What to work on:
Could you repeat exactly the lines from the one containing "All properly submitted" through the last line of the records, with no pictures?

Records to use:
+---+
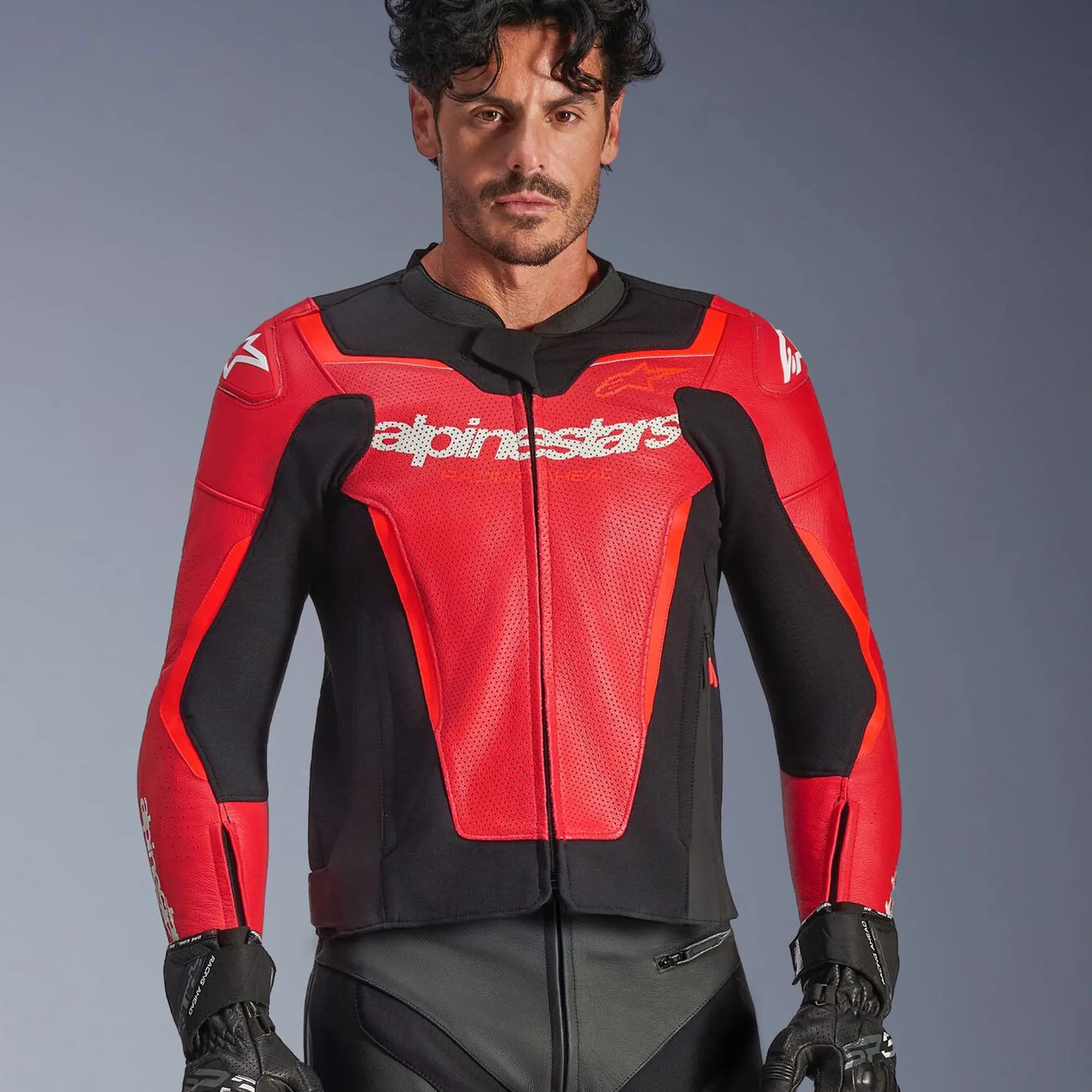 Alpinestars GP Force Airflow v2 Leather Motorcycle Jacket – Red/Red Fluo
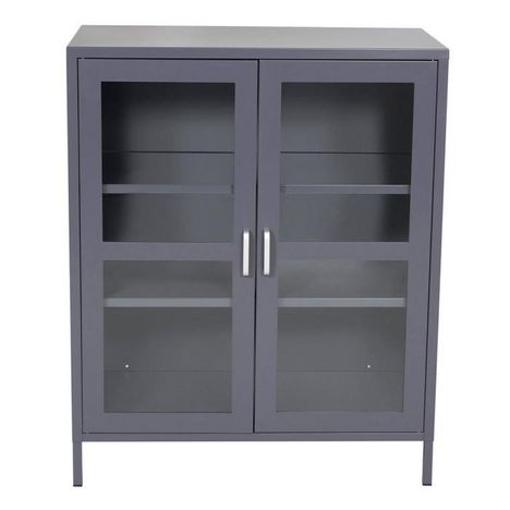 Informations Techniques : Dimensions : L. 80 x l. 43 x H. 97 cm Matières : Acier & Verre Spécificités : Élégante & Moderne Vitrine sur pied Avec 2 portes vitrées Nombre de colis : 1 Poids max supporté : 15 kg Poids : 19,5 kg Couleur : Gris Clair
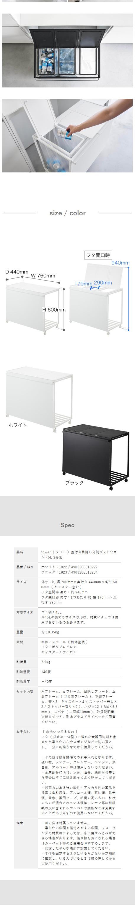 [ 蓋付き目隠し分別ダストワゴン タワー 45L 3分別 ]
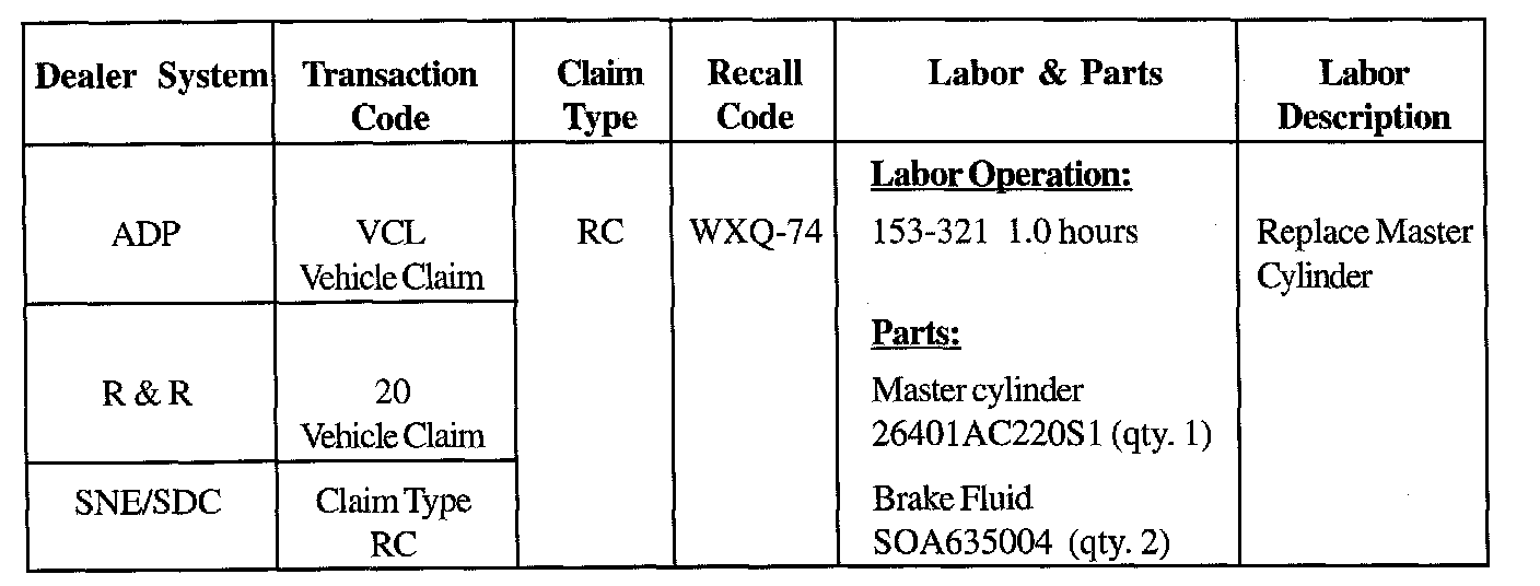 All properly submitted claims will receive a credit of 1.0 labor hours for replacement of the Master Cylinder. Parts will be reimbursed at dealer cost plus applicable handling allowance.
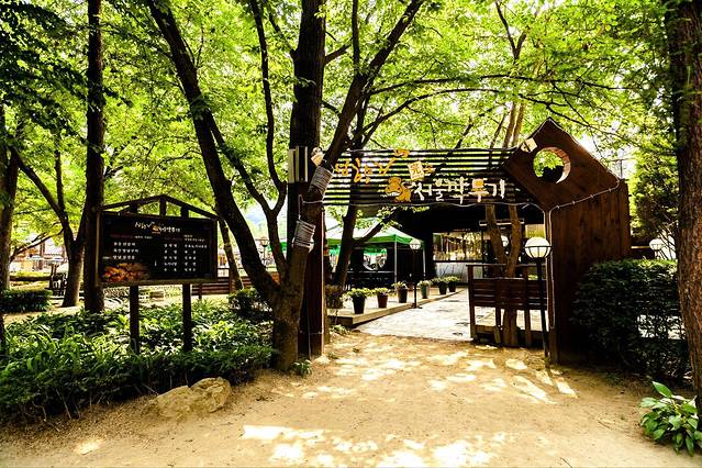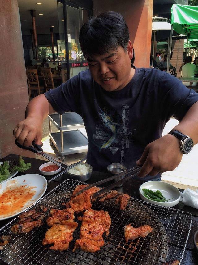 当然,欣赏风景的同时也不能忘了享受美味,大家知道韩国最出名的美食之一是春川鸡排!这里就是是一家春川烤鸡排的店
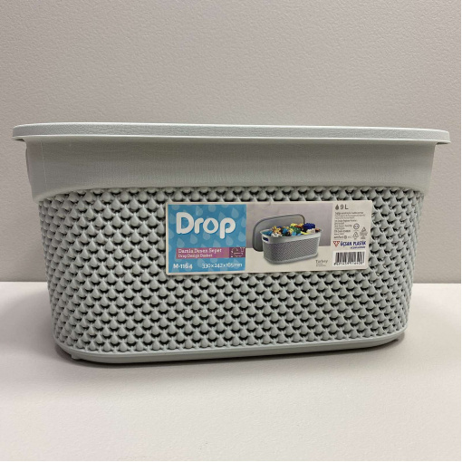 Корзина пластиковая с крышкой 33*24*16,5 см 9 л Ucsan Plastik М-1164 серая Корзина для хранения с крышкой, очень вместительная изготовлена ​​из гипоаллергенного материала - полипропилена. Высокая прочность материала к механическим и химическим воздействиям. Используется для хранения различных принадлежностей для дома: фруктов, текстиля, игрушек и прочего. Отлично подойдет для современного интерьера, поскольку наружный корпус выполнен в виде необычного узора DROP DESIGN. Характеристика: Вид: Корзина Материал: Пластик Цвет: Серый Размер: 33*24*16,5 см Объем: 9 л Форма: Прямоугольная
+---+
Result for this exercise:
 All properly submitted claims will receive a credit of 1.0 labor hours for replacement of the Master Cylinder. Parts will be reimbursed at dealer cost plus applicable handling allowance.
 当然,欣赏风景的同时也不能忘了享受美味,大家知道韩国最出名的美食之一是春川鸡排!这里就是是一家春川烤鸡排的店
 Корзина пластиковая с крышкой 33*24*16,5 см 9 л Ucsan Plastik М-1164 серая Корзина для хранения с крышкой, очень вместительная изготовлена ​​из гипоаллергенного материала - полипропилена. Высокая прочность материала к механическим и химическим воздействиям. Используется для хранения различных принадлежностей для дома: фруктов, текстиля, игрушек и прочего. Отлично подойдет для современного интерьера, поскольку наружный корпус выполнен в виде необычного узора DROP DESIGN. Характеристика: Вид: Корзина Материал: Пластик Цвет: Серый Размер: 33*24*16,5 см Объем: 9 л Форма: Прямоугольная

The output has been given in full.